大和の国のこころ、万葉のこころ

不肖私がこよなく愛する『万葉集』の鑑賞blogです。

山背の久世の若子が・・・巻第11-2361~2362

訓読 >>>

2361
天(あめ)にある一つ棚橋(たなはし)いかにか行(ゆ)かむ 若草(わかくさ)の妻(つま)がりと言はば足飾りせむ

2362
山背(やましろ)の久世(くせ)の若子(わくご)が欲しと言ふ我(わ)れ あふさわに我(わ)れを欲しと言ふ山背の久世

 

要旨 >>>

〈2361〉天の川を渡る一枚板だけの橋をどのようにして渡ろうか。いとしい妻のもとへというなら、しっかり足装いをして渡ろう。

〈2362〉山背の久世の若君が私が欲しいんだとさ、軽はずみにもこの私が欲しいんだとさ、山背の久世の若君が。

 

鑑賞 >>>

 『柿本人麻呂歌集』から、旋頭歌(5・7・7・5・7・7)の形式の歌2首。2361の「天にある」は「一つ棚橋」の枕詞。「棚橋」は、板を棚のように渡した仮の橋。「若草の」は「妻」の枕詞。「足飾り」は、足結などを美しく飾る意か。窪田空穂は、「男が夜、新たに得たと見える妻の許に出かけようとする際の心」であり、「『若草の』という枕詞は、ことに重く働いている。極度に気分的な、また技巧のすぐれた、人麿 歌集にのみ見られる詠み方の歌である」と評しています。

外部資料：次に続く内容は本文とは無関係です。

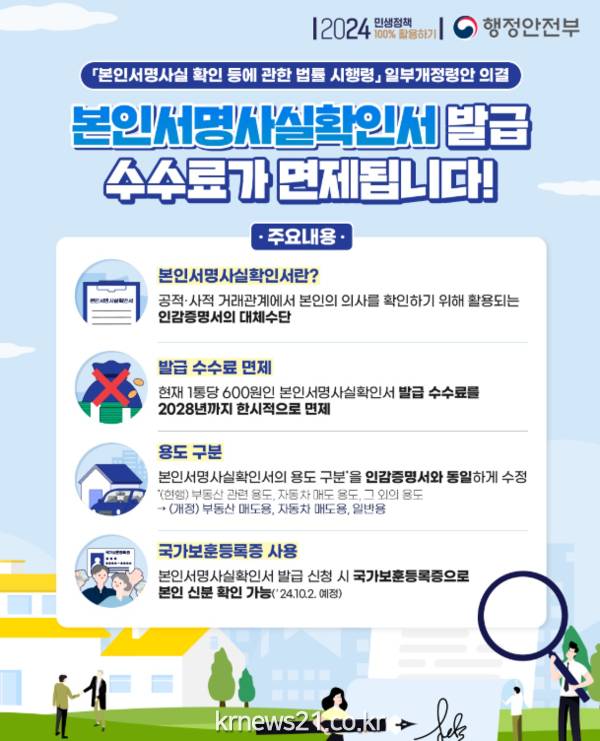 특히, 지난 4월 2일부터 ‘본인서명사실 확인 등에 관한 법률 시행령’ 개정으로 2028년까지 본인서명사실확인서 발급 수수료 600원이 한시적 면제돼 시민들의 부담이 줄어들었다.
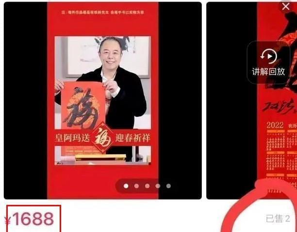 现在的老牌明星,上点年纪就开始研究书法卖字画了。春节期间,张铁林也在直播间卖起了字,他亲手写的一个“福”字售价高达1688元。
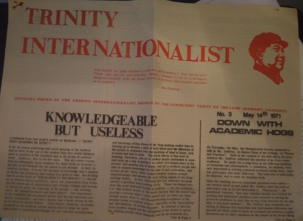 A May 14th 1971 edition of Trinity Internationalist – The Official Organ Of The Trinity Internationalist Branch of The Communist Party of Ireland(Marxist-Leninist).
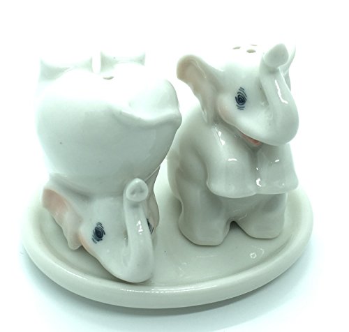 Cute Small Ceramic White Elephants Salt and Pepper Shakers
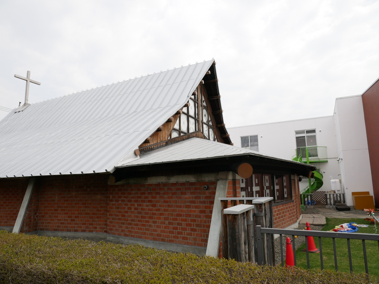 結構な住宅街の中にある教会ですが、チェコの建築家が設計したという個性的な建物の教会で、木造のようで、レンガみたいな部分もあり、三画っぽい建物でありながら、なんか直線的でもなく、妙に共感の持てるデザインの教会でした。
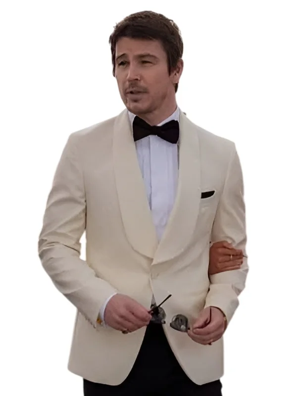 The charming white blazer is spotted worn by Josh Harnett graciously in the spy-action movie Operation Fortune Ruse De Guerre 2022. Suiting material is used to design which gives a formal look while the inside is tailored with viscose fabric which adds a soft and smooth sensation. It has a unique lapel-style shawl collar. A single button closure is a compliment for this coat. The white coat has long sleeves are concluded with buttoned cuffs.

 2362の「山背」は京都府京都市から南(「山城」の表記は平安遷都以降)。「久世」は、京都府城陽市久世。「若子」は、年少の男子を敬っていう語、若様。「あふさわに」は、軽率に、気軽に。「私が欲しいなんて、いったい誰に言ってるの?」とプライドの高い女の歌の風情ですが、久世の歌壇でのからかい歌ではないかとされます。窪田空穂は、「こうした境を取材として捉え、生気に満ちた作とすることは、人麿歌集の歌以外には決して見られないことで、そのこと自体がすでに超凡なものである」と述べています。

 

 

万葉集』以前の歌集

■『古歌集』または『古集』
 これら2つが同一のものか別のものかは定かではありませんが、『万葉集』巻第2・7・9・10・11の資料とされています。

■『柿本人麻呂歌集』
 人麻呂が2巻に編集したものとみられていますが、それらの中には明らかな別人の作や伝承歌もあり、すべてが人麻呂の作というわけではありません。『万葉集』巻第2・3・7・9~14の資料とされています。

■『類聚歌林(るいじゅうかりん)』
 山上憶良が編集した全7巻と想定される歌集で、何らかの基準による分類がなされ、『日本書紀』『風土記』その他の文献を使って作歌事情などを考証しています。『万葉集』巻第1・2・9の資料となっています。

■『笠金村歌集』
 おおむね金村自身の歌とみられる歌集で、『万葉集』巻第2・3・6・9の資料となっています。

■『高橋虫麻呂歌集』
 おおむね虫麻呂の歌とみられる歌集で、『万葉集』巻第3・8・9の資料となっています。

■『田辺福麻呂歌集』
 おおむね福麻呂自身の歌とみられる歌集で、『万葉集』巻第6・9の資料となっています。
 
 なお、これらの歌集はいずれも散逸しており、現在の私たちが見ることはできません。